What is expected:
Your copy should begin with the line containing "4歳児さんはかたつむりを見ながら制作がスタート。", end with the line containing "Деликатное филе индейки", match the listing below exactly, and contain no pictures.

Given data:
_ _ _ _ _ _ _
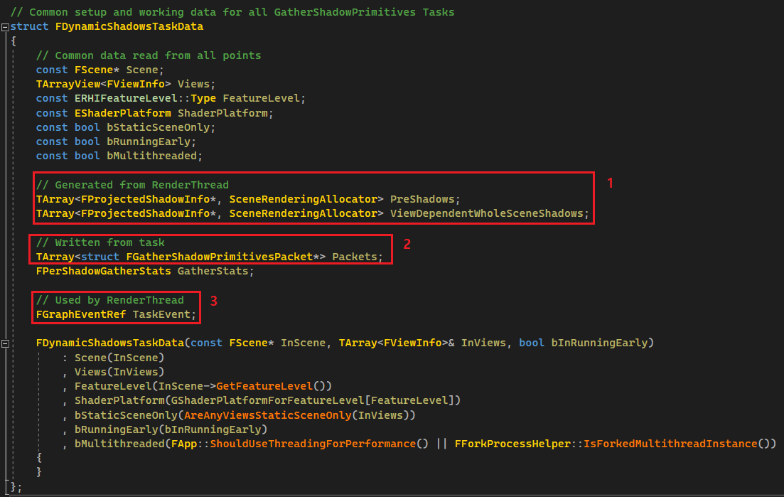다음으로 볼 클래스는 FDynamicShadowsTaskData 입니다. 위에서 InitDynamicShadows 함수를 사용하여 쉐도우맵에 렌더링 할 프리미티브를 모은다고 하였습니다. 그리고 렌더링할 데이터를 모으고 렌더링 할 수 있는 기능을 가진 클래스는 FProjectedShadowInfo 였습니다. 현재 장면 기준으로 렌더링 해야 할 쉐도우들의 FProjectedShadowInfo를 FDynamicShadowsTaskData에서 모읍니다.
_ _ _ _ _ _ _
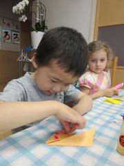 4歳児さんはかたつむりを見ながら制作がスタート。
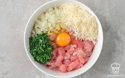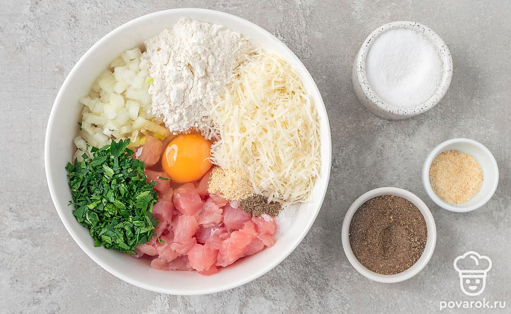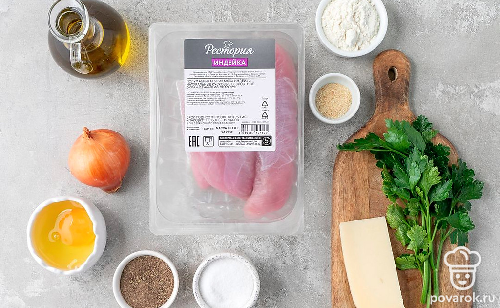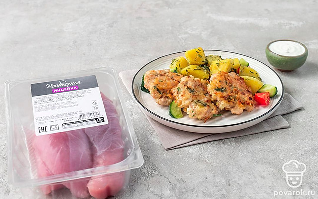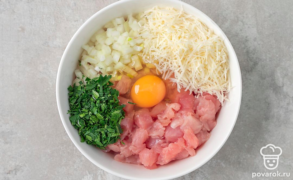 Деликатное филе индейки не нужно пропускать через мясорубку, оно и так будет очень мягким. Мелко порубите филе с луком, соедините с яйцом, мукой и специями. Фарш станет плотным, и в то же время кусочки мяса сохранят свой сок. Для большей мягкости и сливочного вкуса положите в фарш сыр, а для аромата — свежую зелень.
_ _ _ _ _ _ _
Your solution:
 4歳児さんはかたつむりを見ながら制作がスタート。
 Деликатное филе индейки не нужно пропускать через мясорубку, оно и так будет очень мягким. Мелко порубите филе с луком, соедините с яйцом, мукой и специями. Фарш станет плотным, и в то же время кусочки мяса сохранят свой сок. Для большей мягкости и сливочного вкуса положите в фарш сыр, а для аромата — свежую зелень.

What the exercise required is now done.